• [Data for analysis]
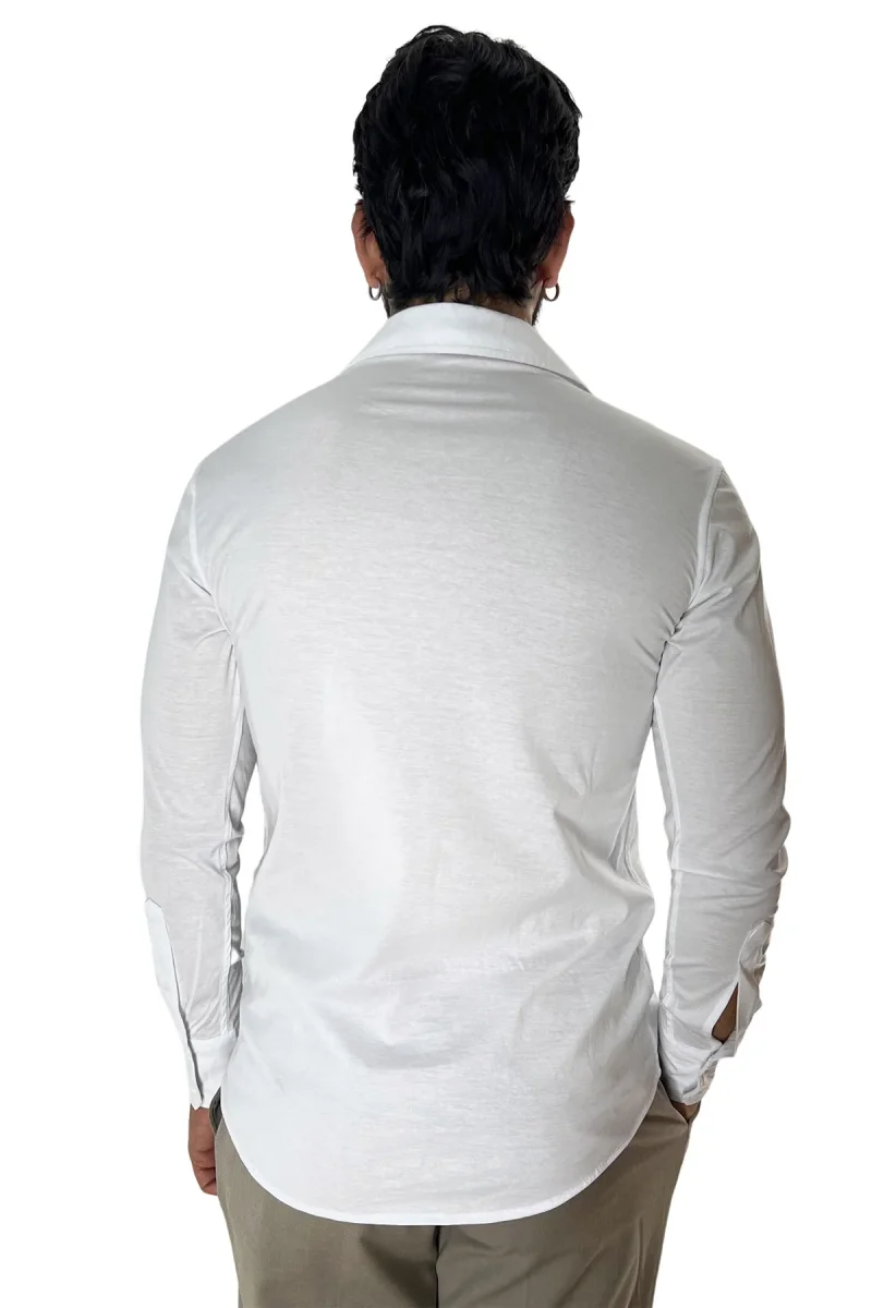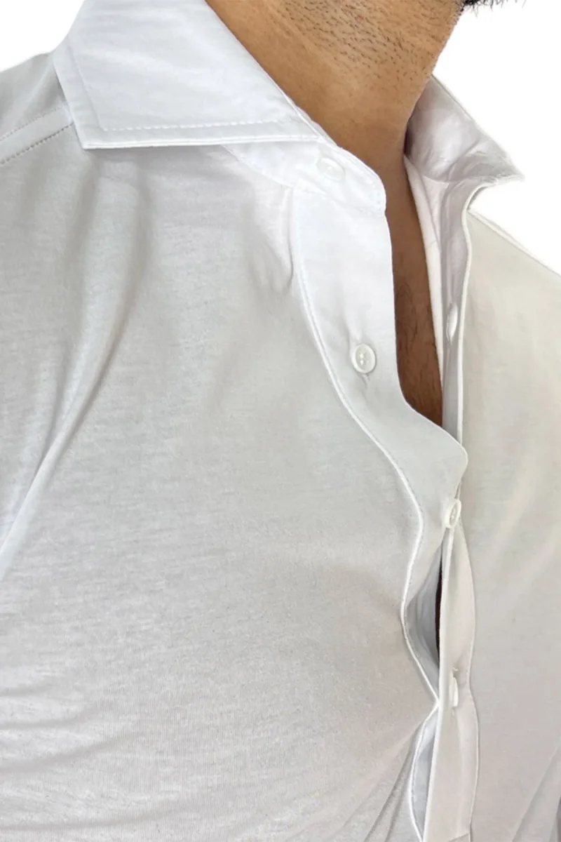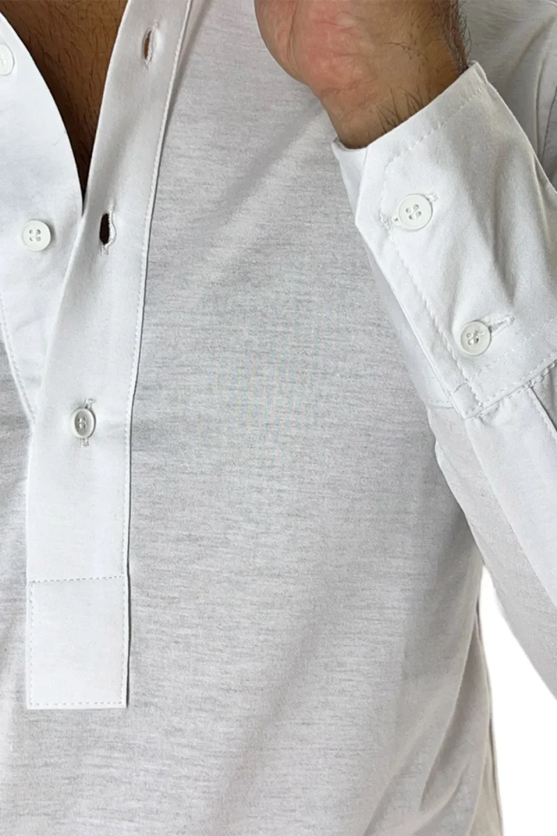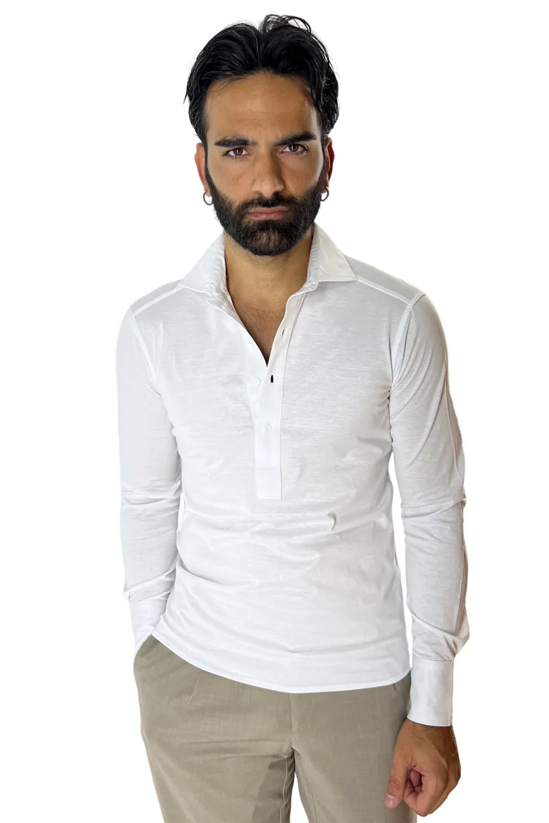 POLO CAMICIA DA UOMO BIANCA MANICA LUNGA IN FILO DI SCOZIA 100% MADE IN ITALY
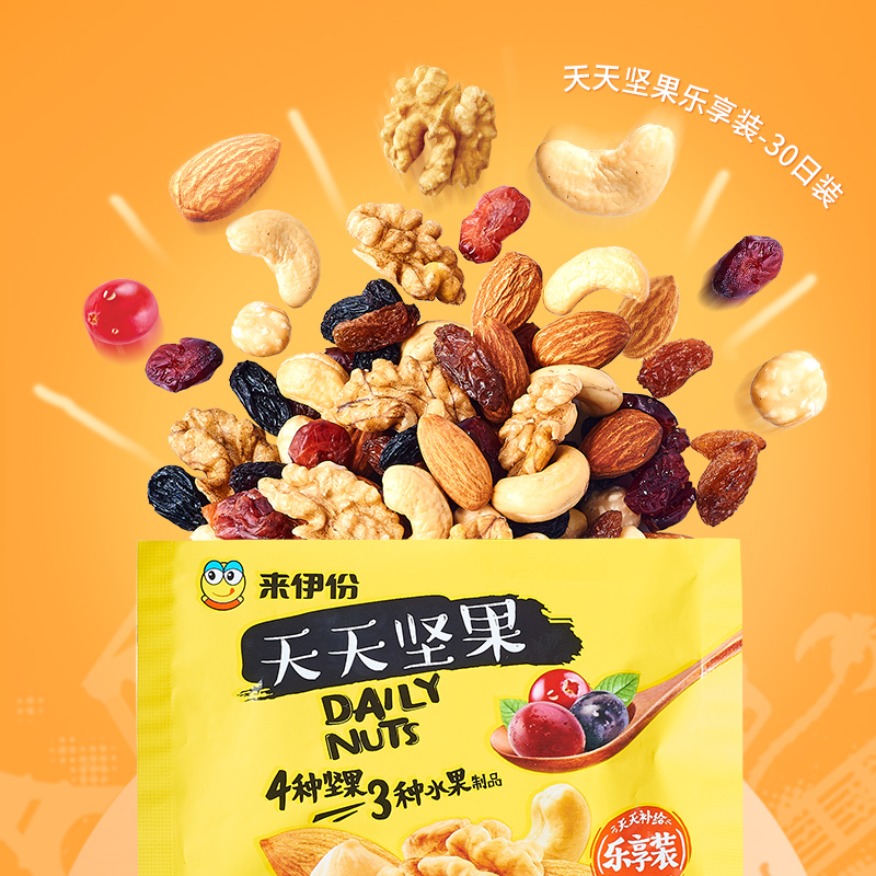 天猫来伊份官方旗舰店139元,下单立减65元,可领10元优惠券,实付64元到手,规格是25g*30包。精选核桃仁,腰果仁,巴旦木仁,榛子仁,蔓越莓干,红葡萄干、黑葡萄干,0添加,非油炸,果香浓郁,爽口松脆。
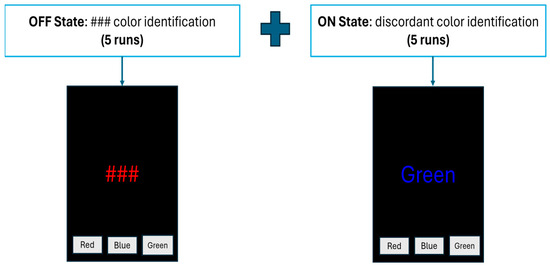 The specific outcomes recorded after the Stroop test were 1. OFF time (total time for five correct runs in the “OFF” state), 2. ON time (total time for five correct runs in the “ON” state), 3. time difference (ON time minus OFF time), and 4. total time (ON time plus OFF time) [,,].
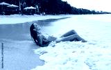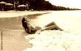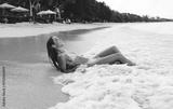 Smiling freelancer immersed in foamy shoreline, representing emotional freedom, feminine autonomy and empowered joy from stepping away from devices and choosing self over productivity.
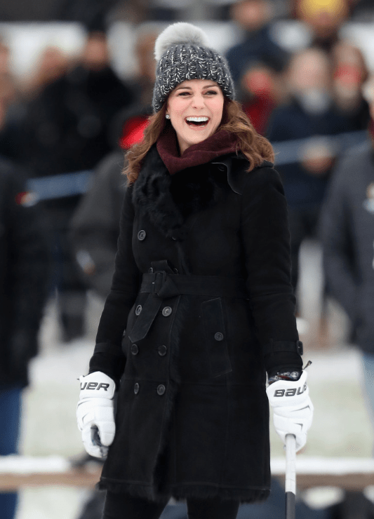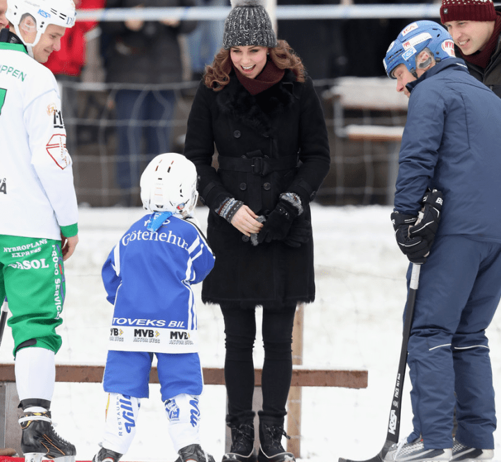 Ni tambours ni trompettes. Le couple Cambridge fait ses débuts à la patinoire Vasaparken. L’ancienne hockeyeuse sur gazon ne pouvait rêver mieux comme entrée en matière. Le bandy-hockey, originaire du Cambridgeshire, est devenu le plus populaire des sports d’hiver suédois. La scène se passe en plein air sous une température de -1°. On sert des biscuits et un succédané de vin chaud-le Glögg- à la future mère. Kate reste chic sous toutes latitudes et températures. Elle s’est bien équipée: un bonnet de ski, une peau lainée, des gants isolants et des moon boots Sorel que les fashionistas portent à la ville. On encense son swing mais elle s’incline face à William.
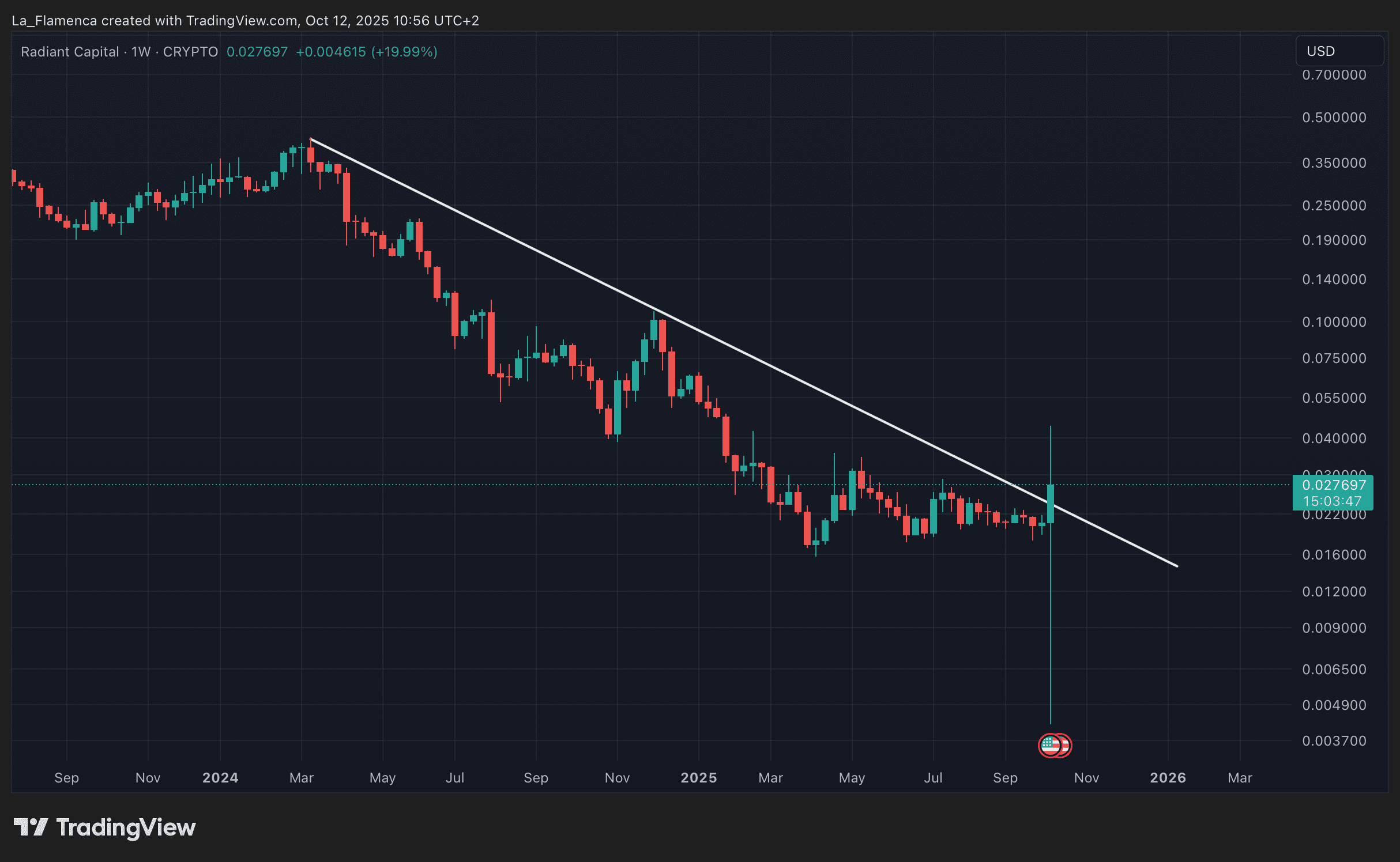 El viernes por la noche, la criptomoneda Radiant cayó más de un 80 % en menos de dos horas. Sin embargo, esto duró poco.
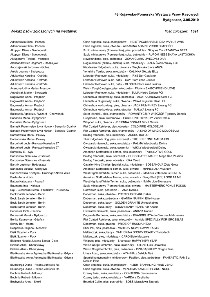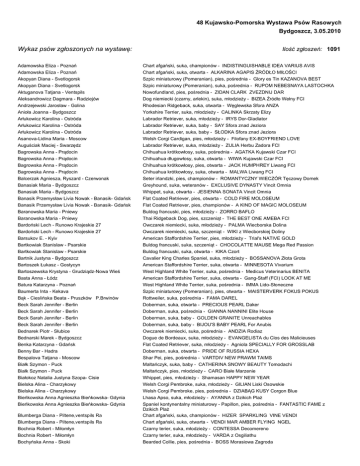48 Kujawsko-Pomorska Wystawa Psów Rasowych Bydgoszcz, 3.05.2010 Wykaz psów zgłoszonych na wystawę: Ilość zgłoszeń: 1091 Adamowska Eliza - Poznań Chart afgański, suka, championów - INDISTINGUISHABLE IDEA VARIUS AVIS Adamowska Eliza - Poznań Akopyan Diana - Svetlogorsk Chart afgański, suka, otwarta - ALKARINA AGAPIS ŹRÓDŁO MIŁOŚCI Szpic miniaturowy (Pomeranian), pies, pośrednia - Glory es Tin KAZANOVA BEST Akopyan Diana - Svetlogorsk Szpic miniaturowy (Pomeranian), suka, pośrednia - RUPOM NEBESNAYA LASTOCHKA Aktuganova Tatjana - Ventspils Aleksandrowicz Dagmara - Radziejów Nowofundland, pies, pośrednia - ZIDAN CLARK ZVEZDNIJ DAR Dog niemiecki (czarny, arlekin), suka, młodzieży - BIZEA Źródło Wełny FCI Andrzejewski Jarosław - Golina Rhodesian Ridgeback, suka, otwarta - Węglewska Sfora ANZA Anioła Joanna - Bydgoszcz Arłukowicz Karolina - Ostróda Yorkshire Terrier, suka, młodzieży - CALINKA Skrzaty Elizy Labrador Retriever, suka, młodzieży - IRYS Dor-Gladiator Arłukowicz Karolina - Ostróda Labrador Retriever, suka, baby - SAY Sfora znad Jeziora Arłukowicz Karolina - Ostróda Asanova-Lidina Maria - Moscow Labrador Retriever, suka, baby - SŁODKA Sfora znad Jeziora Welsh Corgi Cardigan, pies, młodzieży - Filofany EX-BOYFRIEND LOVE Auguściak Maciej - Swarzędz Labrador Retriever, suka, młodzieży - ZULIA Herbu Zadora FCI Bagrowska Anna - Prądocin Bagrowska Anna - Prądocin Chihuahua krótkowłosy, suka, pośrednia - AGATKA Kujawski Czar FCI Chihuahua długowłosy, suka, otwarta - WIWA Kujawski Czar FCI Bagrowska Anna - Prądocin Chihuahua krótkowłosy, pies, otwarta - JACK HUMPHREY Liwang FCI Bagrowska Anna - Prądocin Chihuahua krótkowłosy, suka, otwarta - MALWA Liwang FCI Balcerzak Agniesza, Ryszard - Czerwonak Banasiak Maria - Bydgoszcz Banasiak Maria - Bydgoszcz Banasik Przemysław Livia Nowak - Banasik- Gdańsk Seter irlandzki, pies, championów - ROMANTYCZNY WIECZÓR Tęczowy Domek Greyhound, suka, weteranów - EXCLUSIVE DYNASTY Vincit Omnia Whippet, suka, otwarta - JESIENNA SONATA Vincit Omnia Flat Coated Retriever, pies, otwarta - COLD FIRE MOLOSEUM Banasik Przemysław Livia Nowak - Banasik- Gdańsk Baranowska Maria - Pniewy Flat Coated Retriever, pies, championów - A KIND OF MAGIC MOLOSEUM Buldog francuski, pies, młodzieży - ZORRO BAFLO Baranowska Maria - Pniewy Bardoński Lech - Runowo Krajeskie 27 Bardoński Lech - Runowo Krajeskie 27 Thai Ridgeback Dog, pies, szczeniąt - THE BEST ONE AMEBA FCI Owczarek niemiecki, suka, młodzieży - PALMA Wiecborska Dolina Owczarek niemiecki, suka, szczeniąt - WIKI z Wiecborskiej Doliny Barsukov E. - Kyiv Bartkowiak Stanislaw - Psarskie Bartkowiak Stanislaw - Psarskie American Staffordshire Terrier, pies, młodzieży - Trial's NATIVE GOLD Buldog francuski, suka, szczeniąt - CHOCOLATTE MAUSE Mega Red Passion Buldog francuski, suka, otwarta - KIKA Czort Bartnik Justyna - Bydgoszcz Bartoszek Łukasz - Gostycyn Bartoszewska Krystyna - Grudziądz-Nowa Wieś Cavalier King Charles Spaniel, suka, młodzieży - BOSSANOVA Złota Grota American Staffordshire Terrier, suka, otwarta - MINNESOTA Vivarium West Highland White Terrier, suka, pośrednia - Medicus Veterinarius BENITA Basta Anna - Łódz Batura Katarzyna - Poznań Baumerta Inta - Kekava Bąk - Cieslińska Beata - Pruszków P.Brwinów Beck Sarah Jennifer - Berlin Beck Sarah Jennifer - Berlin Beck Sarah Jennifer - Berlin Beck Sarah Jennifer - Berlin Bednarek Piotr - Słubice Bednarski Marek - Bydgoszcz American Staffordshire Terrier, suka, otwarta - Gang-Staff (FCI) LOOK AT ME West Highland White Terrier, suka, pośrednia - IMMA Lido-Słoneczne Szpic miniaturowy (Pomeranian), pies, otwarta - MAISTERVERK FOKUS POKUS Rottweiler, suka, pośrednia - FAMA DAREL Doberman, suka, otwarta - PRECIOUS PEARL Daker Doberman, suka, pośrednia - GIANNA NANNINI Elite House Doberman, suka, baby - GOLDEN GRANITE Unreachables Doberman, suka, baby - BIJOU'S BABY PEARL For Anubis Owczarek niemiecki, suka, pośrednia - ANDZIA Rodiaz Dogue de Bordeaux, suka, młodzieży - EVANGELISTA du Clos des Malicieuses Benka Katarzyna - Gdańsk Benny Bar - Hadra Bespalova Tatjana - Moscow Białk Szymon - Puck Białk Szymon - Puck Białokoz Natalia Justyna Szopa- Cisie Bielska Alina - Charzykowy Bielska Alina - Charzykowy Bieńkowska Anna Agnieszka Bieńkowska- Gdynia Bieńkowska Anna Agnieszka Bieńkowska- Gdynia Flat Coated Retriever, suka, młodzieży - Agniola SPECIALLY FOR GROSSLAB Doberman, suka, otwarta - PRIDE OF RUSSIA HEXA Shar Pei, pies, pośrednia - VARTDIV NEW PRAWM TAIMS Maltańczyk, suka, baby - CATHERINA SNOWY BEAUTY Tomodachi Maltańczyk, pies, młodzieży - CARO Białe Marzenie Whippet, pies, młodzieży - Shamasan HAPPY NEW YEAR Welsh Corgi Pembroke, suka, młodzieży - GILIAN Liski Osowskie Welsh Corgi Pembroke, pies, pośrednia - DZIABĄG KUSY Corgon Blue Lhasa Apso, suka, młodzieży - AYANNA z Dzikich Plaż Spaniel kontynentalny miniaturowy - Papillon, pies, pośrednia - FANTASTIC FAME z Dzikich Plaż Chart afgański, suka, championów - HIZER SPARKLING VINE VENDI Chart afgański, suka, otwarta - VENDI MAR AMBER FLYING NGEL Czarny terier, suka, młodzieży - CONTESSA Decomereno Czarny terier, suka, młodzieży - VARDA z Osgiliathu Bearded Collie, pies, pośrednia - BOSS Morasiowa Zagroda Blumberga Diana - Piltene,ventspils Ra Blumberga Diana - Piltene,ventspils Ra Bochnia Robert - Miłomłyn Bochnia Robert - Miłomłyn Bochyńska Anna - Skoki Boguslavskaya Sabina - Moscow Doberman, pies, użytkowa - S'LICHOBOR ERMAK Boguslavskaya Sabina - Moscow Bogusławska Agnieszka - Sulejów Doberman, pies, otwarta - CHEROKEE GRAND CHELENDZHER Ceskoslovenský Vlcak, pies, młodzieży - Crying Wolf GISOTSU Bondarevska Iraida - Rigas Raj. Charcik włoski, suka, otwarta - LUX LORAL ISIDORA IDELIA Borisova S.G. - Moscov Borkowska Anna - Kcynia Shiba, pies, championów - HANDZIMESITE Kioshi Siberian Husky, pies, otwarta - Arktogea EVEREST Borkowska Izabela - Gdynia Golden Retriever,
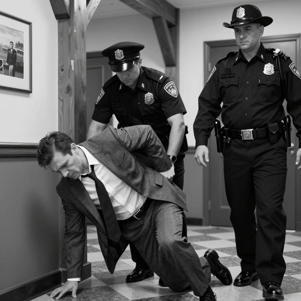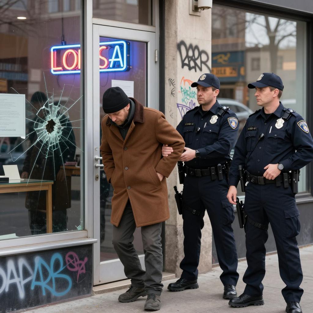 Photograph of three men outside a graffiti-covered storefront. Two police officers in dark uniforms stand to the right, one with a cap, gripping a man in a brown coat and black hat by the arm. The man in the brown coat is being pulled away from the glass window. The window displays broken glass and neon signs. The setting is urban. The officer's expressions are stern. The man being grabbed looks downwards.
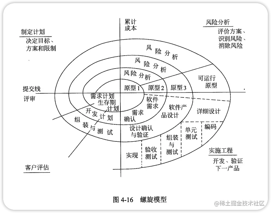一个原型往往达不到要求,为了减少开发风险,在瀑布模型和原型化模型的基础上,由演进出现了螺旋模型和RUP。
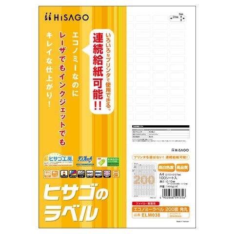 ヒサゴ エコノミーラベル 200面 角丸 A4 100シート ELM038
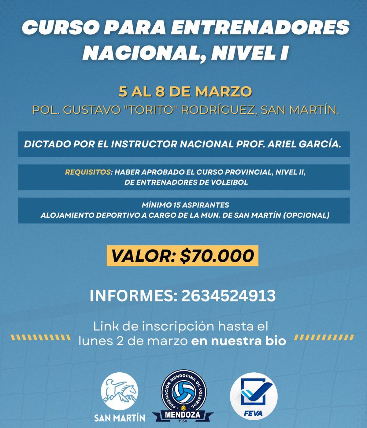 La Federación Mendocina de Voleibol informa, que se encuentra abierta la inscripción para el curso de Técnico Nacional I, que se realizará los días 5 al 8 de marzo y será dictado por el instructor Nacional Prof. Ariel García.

• [Activity]
Please copy exactly the lines from the one containing "ヒサゴ エコノミーラベル 200面 角丸 A4 100シート ELM038" through the last line of the records, both ends included, and leave out any pictures.

• [Exercise result]
 ヒサゴ エコノミーラベル 200面 角丸 A4 100シート ELM038
 La Federación Mendocina de Voleibol informa, que se encuentra abierta la inscripción para el curso de Técnico Nacional I, que se realizará los días 5 al 8 de marzo y será dictado por el instructor Nacional Prof. Ariel García.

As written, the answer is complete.